• TL1A binds to death receptor 3 (DR3) to provide stimulatory signals for downstream signaling pathways, thereby regulating the proliferation, activation, apoptosis of effector cells, and the production of cytokines and chemokines. Soluble decoy receptor 3 (DcR3) may neutralize the effects of sTL1A/DR3. In addition, DcR3 can inhibit apoptosis, reduce inflammation, and prevent tissue damage by neutralizing LIGHT and FasL.
• IL-23 is a heterodimeric cytokine composed of p40 and p19 subunits, primarily produced by macrophages and dendritic cells. IL-23 binds to its receptor IL-23R, which regulates the release of downstream pro-inflammatory cytokines.
• The genome of the mouse Il23a gene encoding the full-length protein was replaced with human IL23A counterpart in B-hTL1A plus/hIL23A/hIL12B mice. The genome of the mouse Il12b gene encoding the full-length protein was replaced with human IL12B counterpart in B-hTL1A plus/hIL23A/hIL12B mice.
• Soluble human TL1A and human IL23 were exclusively detectable in homozygous B-hTL1A plus/hIL23A/hIL12B mice, but not in wild-type C57BL/6JNifdc mice.
• This product is used for pharmacological and safety evaluation of autoimmune diseases such as Inflammatory bowel disease, psoriasis and arthritis.
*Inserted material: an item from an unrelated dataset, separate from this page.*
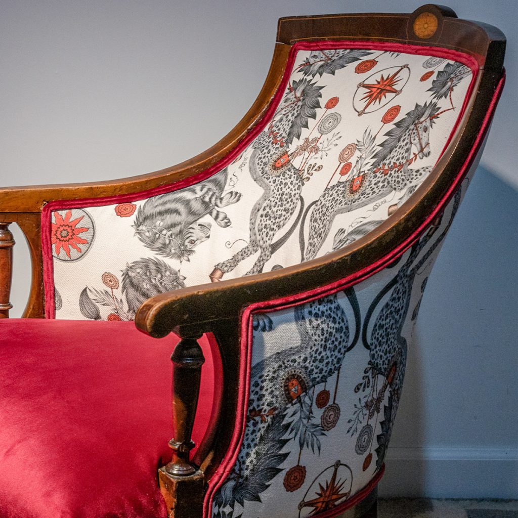 背面もCASPIANで貼り替えました。合わせ生地は赤のベルベット。淵にはダブルパイピングを施して締めています。

Gene targeting strategy for B-hTL1A plus/hIL23A/hIL12B mice.

The targeting strategy for humanized TL1A in B-hTL1A plus/hIL23A/hIL12B mice is currently kept confidential.

The exons 1-4 of mouse Il23a gene that encode the whole molecule (ATG to STOP codon) were replaced by human counterparts in B-hTL1A plus/hIL23A/hIL12B mice. The promoter, 5’UTR and 3’UTR region of the mouse gene were retained. The human IL23A expression was driven by endogenous mouse Il23a promoter, while mouse Il23a gene transcription and translation will be disrupted.
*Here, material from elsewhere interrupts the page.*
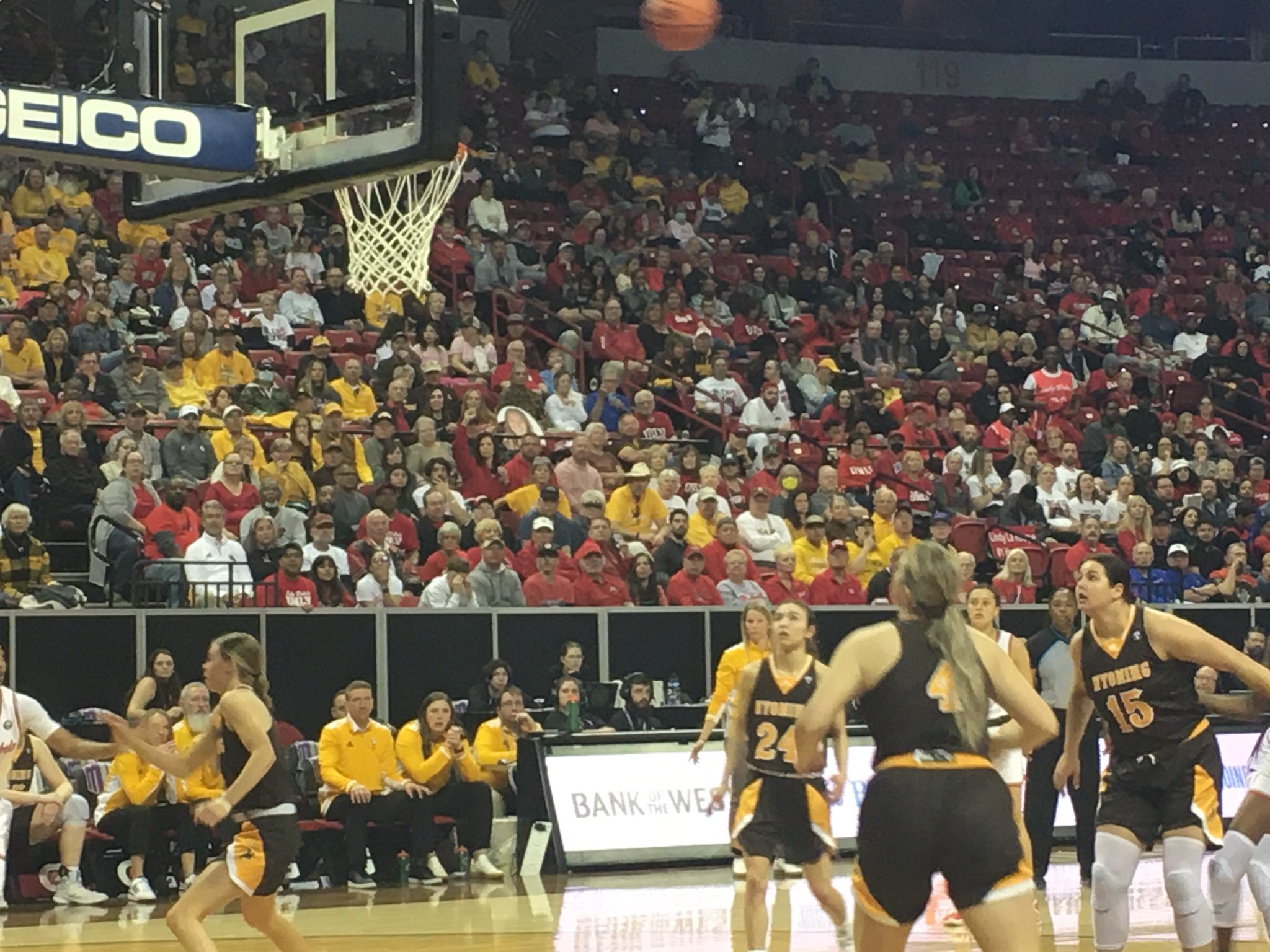 It looked like attendance was in the 3,500 range at Thomas & Mack Center, with an eyeball estimate of about 2,000 UNLV fans and another 1,500 Wyoming fans.

The exons 2-8 of mouse Il12b gene that encode the whole molecule (ATG to STOP codon), including 3’UTR were replaced by human counterparts in B-hTL1A plus/hIL23A/hIL12B mice. The promoter and 5’UTR region of the mouse gene were retained. The human IL12B expression was driven by endogenous mouse Il12b promoter, while mouse Il12b gene transcription and translation will be disrupted.
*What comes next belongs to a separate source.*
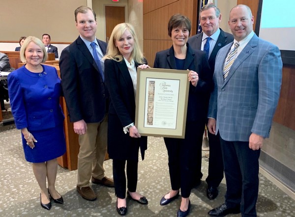 Mrs. Grimm-Marshall, Mrs. Grimm Anderson, Brandon Grimm and President Zelezny joined CSU Chancellor Timothy P. White at the podium for remarks and the presentation of a resolution honoring the Grimm family’s generous gift.
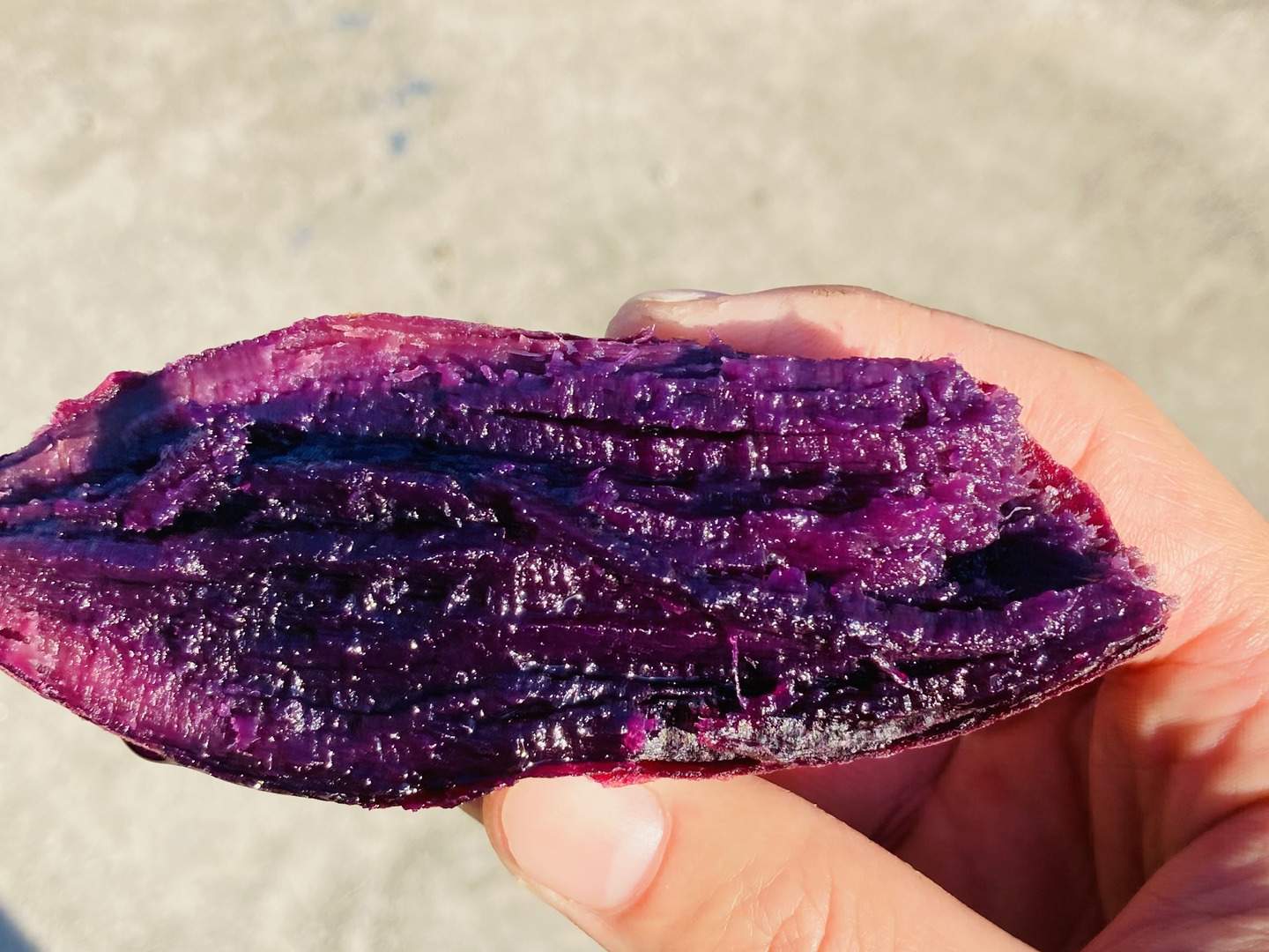 『ふくむらさき』は、肉質が粘質でしっとりとした食感の紫いもです。蒸したり焼いたりした際の糖度は非常に高く、「べにはるか」や「パープルスイートロード」と同等以上です。肉質の色は「パープルスイートロード」よりも濃い紫色で、見た目も鮮やかです。

B-hTL1A plus/hIL23A/hIL12B mice were derived from mating B-hTL1A mice plus (112949) and B-hIL23A/hIL12B mice (120553).

Soluble TL1A expression analysis in B-hTL1A plus/hIL23A/hIL12B mice by ELISA. Bone marrow-derived dendritic cells were isolated from wild-type C57BL/6JNifdc mice (+/+), homozygous B-hTL1A plus/hIL23A/hIL12B mice (H/H;H/H;H/H) and homozygous B-hTL1A/hIL23A/hIL12B mice (H/H;H/H;H/H), and stimulated with 1 μg/mL LPS in vitro for 24 h, then the supernatants were collected and the levels of soluble TL1A were measured using a species-specific mouse and human TL1A ELISA kit. Soluble mouse TL1A was detectable in wild-type C57BL/6JNifdc mice. Soluble human TL1A was exclusively detectable in homozygous B-hTL1A plus/hIL23A/hIL12B mice and homozygous B-hTL1A/hIL23A/hIL12B mice. ND: not detectable.

Mouse IL-23 and human IL-23 expression analysis in B-hTL1A plus/hIL23A/hIL12B mice by ELISA. Bone marrow derived dendritic cells were produced by culturing the bone marrow from wild-type C57BL/6JNifdc mice (+/+) and homozygous B-hTL1A plus/hIL23A/hIL12B mice (H/H;H/H;H/H), which were stimulated with 1 μg/mL LPS in vitro. After stimulation, the supernatants were collected and the levels of mouse and human IL23 were analyzed by ELISA. Mouse IL23 was only detectable in wild-type C57BL/6JNifdc mice. Human IL23 was exclusively detectable in homozygous B-hTL1A plus/hIL23A/hIL12B mice. Values are expressed as mean ± SEM. ND: not detectable.